Spectator journalist Isabel Hardman was present for the interview and responded: “I am slightly baffled by those comments…the fact that you should think twice when hiring women of childbearing age would mean I would be unemployed until I was 40. I’m not sure what value he thinks women can’t bring to the workplace, particularly if they might be of childbearing age but don’t have any children.”

It would be (as far as I know) illegal for an employer to ask me in an interview if I intend to have a family and if that would be any time soon. Since a huge percentage of people (funnily enough, as many men as women) have children, it would be safe for that employer to deem me a future liability. Perhaps they would write “Danger of pregnancy” on my CV before I even got through the door for the interview process. There’s another one for the shredder…

Bloom responded to Hardman: “I wouldn’t have a problem employing Isabel (lucky her…) because she’s a writer – she can do her work from any work station, that’s not a problem – but if I wanted a receptionist or I wanted a dental nurse, I would be thinking very carefully about the age of that woman because she has to turn up at 9 o’clock every morning.”

Isabel Hardman went on to write about the radio show for the Spectator and I read her column last night. Scrolling down to the comments section, I was astounded by the responses. I thought everyone must feel the same as I did, with a few exceptions. That Bloom was being extremely sexist whilst offering no suggestion of an alternative policy. I was wrong. I will freely admit I struggled to get to sleep last night because I couldn’t stop thinking about it. Here are some examples:

“I can’t see anything radical about suggesting people actually work for their pay.”

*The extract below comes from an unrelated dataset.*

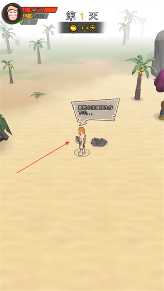 1、進(jìn)入游戲在初始的荒島場景中了解到首要目標(biāo)是想辦法繼續(xù)生存下去,為生存行動做準(zhǔn)備。

“77% of NHS staff are women and for every £1 spent on men’s health, £8 is spent on women’s health, despite the fact that men pay 72% of taxes.”

“Of course we have got to have women in the workplace, we can’t possibly have them staying at home and looking after their own children, can we? What a preposterous idea!”

“Thanks to Nick Clegg (I believe), maternity and paternity leave are transferable, so at our company, we now have a male member of staff taking six months off while his wife goes back to work. Crazy!”

Why is that crazy? I salute any man who decides with his partner that it makes more sense for them if he were the one to stay at home for at least nine months to change nappies and heat bottles. Maybe he has the option to get some work done from home or go freelance. Maybe his wife earns more money. Making a new human is a 50/50 job.

Not a single person leaving a derogatory comment, such as the ones above, gave any hint of an alternative. No-one said how they thought maternity or paternity leave should work in a way that would benefit small businesses more than the current system. I would be all ears. Most interesting of all, nobody spoke of their own experiences of having children. We can then safely assume themselves or their partners did the noble thing and handed in their notice when the time came.

I will simply leave you with this thought: Last month, several members of Ukip said (separately) that allowing unemployed people to vote in elections is “dangerous”, as they contribute nothing towards society. If all women of childbearing age (I still don’t know what that means, it could be 16-50 for all we know) were to hand their notice in like good Samaritans to free up jobs, it would leave all women in this age group unemployed. And according to Ukip, these people shouldn’t vote.

That sounds to me a lot like women not being allowed the vote.